*WHAT YOU SHOULD DO*. Write out, exactly and in full, the records given below, but not their pictures.

*DATA EXTRACTS*.
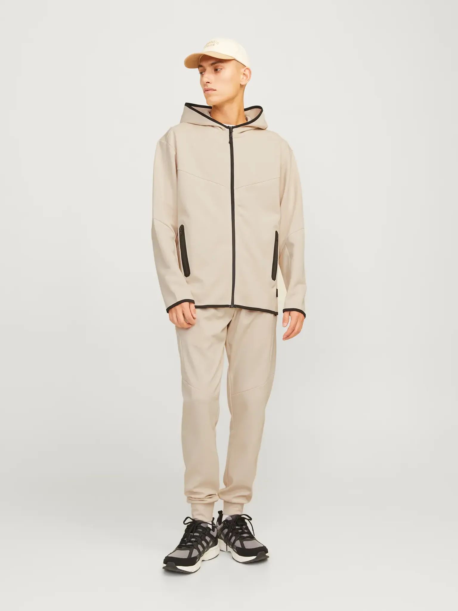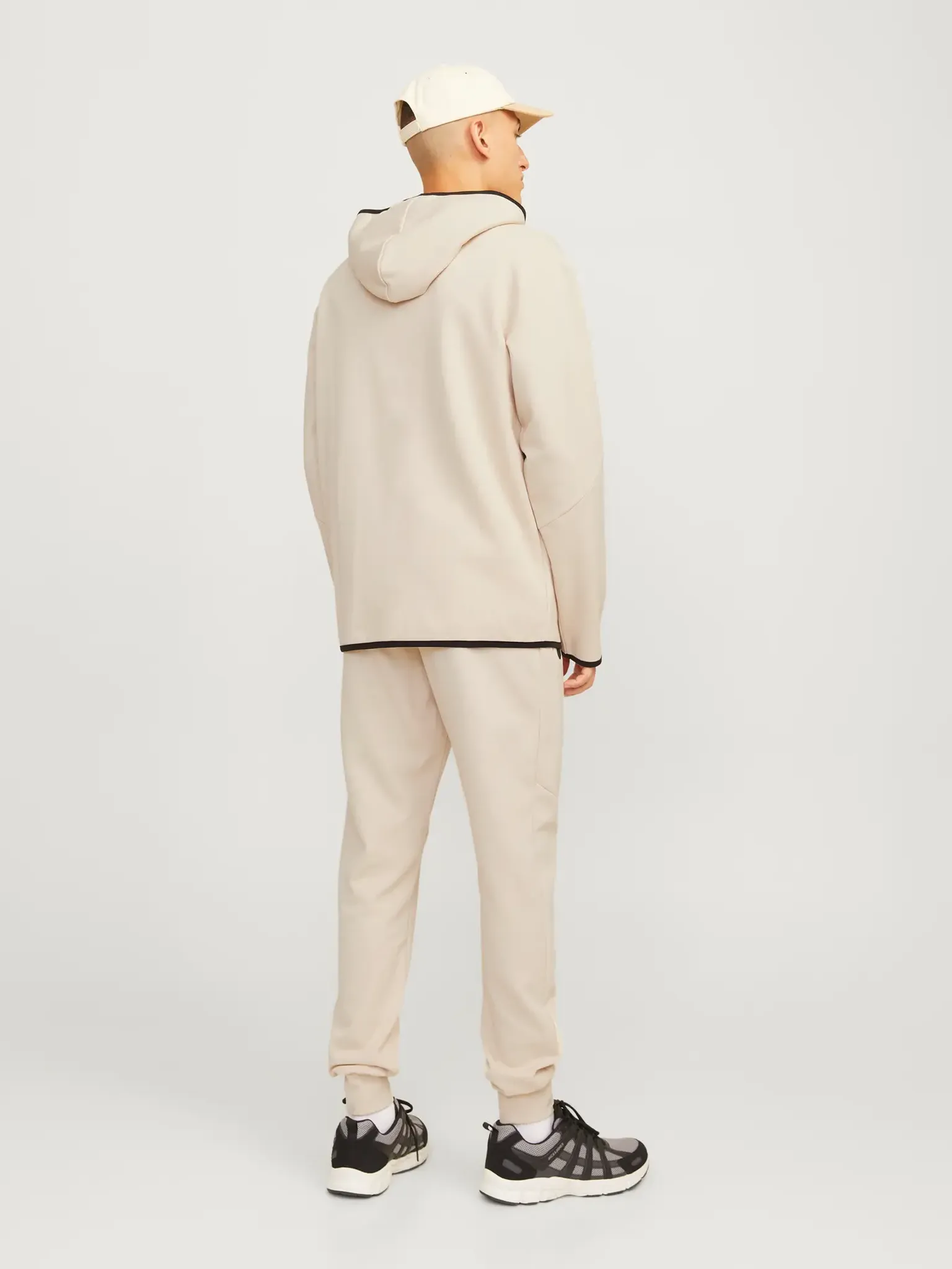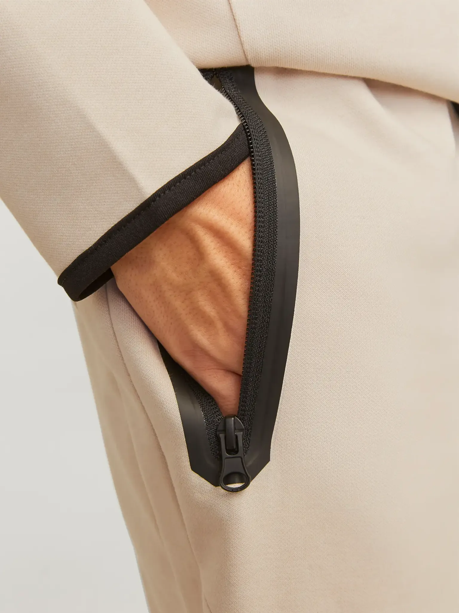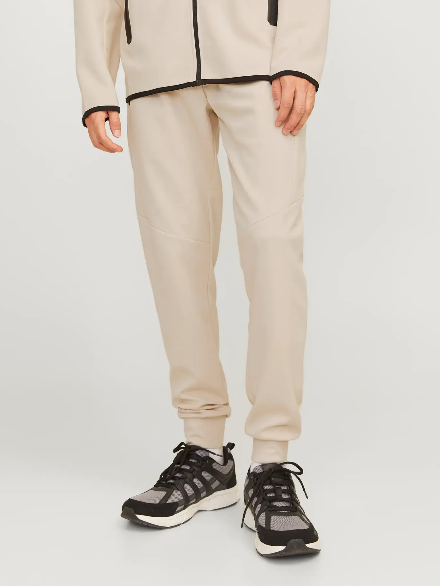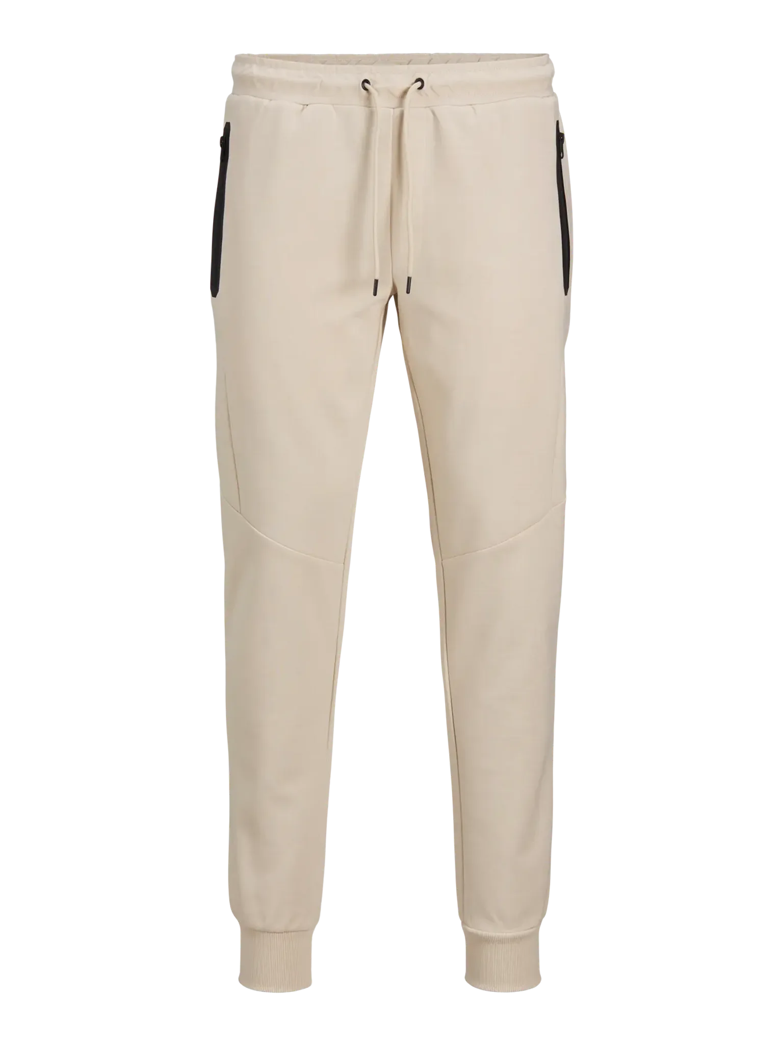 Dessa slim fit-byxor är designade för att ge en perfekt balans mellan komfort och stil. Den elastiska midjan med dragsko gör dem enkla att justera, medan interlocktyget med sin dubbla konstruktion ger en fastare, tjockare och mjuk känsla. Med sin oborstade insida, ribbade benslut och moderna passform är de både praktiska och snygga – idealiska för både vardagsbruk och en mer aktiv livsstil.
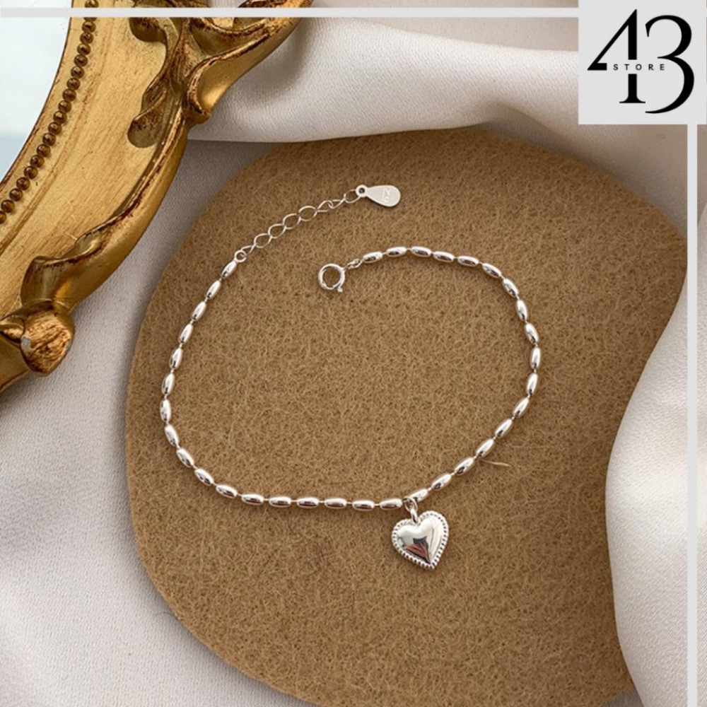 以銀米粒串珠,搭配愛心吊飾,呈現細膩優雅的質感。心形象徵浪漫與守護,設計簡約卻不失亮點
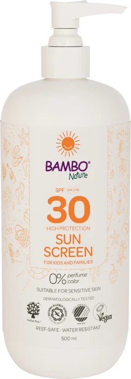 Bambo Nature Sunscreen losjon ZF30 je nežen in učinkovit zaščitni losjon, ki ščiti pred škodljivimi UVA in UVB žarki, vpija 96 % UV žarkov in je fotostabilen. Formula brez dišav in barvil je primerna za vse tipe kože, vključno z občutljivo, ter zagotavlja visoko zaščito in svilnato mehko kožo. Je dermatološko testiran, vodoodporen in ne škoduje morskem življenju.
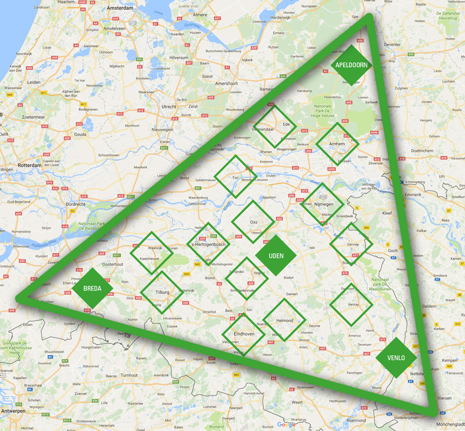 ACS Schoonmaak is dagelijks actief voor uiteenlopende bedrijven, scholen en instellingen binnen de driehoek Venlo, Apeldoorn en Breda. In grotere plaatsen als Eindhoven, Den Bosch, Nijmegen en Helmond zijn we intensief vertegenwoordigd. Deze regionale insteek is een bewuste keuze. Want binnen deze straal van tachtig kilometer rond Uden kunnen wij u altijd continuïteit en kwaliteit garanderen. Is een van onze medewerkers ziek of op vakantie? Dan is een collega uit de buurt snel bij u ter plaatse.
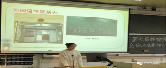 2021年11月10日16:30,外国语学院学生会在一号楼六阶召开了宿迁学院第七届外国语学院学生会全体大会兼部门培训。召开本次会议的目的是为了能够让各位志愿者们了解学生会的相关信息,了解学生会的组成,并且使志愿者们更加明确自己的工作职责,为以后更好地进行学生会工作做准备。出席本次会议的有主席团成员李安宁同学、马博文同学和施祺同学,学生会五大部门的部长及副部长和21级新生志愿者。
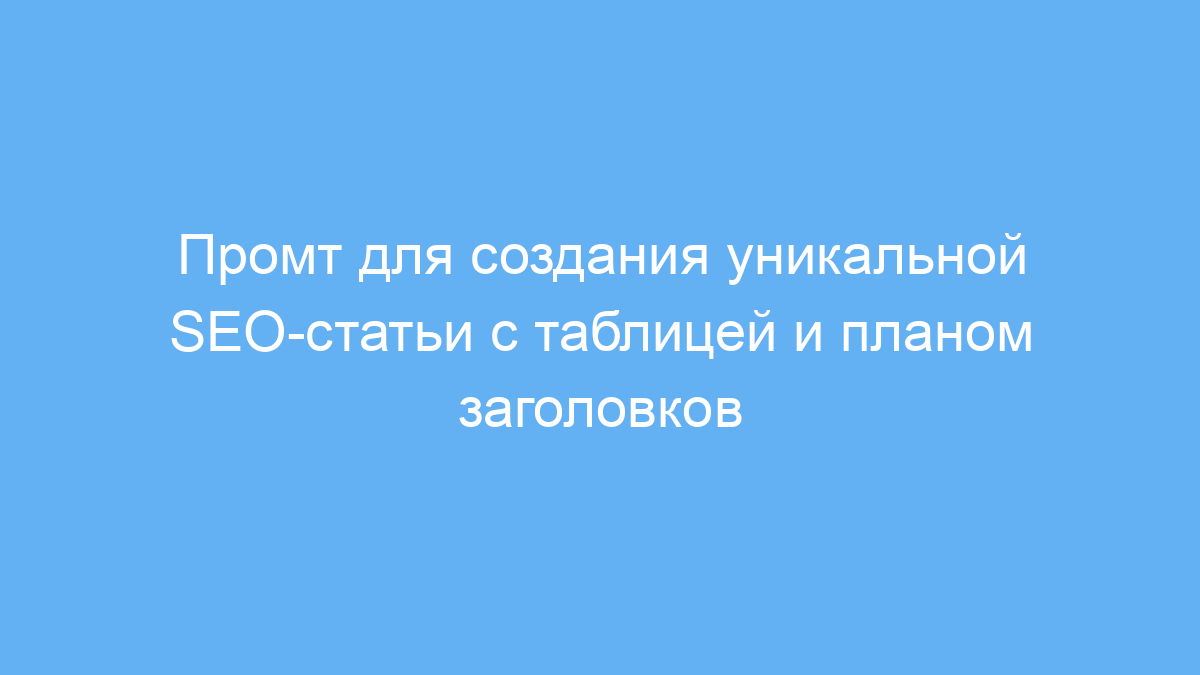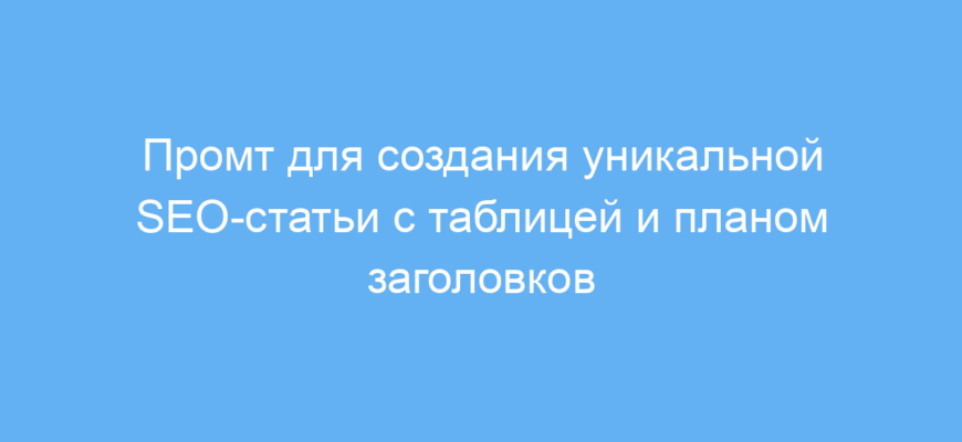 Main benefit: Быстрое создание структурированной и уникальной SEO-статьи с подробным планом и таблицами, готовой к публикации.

*REPLY TO THE TASK*.
 Dessa slim fit-byxor är designade för att ge en perfekt balans mellan komfort och stil. Den elastiska midjan med dragsko gör dem enkla att justera, medan interlocktyget med sin dubbla konstruktion ger en fastare, tjockare och mjuk känsla. Med sin oborstade insida, ribbade benslut och moderna passform är de både praktiska och snygga – idealiska för både vardagsbruk och en mer aktiv livsstil.
 以銀米粒串珠,搭配愛心吊飾,呈現細膩優雅的質感。心形象徵浪漫與守護,設計簡約卻不失亮點
 Bambo Nature Sunscreen losjon ZF30 je nežen in učinkovit zaščitni losjon, ki ščiti pred škodljivimi UVA in UVB žarki, vpija 96 % UV žarkov in je fotostabilen. Formula brez dišav in barvil je primerna za vse tipe kože, vključno z občutljivo, ter zagotavlja visoko zaščito in svilnato mehko kožo. Je dermatološko testiran, vodoodporen in ne škoduje morskem življenju.
 ACS Schoonmaak is dagelijks actief voor uiteenlopende bedrijven, scholen en instellingen binnen de driehoek Venlo, Apeldoorn en Breda. In grotere plaatsen als Eindhoven, Den Bosch, Nijmegen en Helmond zijn we intensief vertegenwoordigd. Deze regionale insteek is een bewuste keuze. Want binnen deze straal van tachtig kilometer rond Uden kunnen wij u altijd continuïteit en kwaliteit garanderen. Is een van onze medewerkers ziek of op vakantie? Dan is een collega uit de buurt snel bij u ter plaatse.
 2021年11月10日16:30,外国语学院学生会在一号楼六阶召开了宿迁学院第七届外国语学院学生会全体大会兼部门培训。召开本次会议的目的是为了能够让各位志愿者们了解学生会的相关信息,了解学生会的组成,并且使志愿者们更加明确自己的工作职责,为以后更好地进行学生会工作做准备。出席本次会议的有主席团成员李安宁同学、马博文同学和施祺同学,学生会五大部门的部长及副部长和21级新生志愿者。
 Main benefit: Быстрое создание структурированной и уникальной SEO-статьи с подробным планом и таблицами, готовой к публикации.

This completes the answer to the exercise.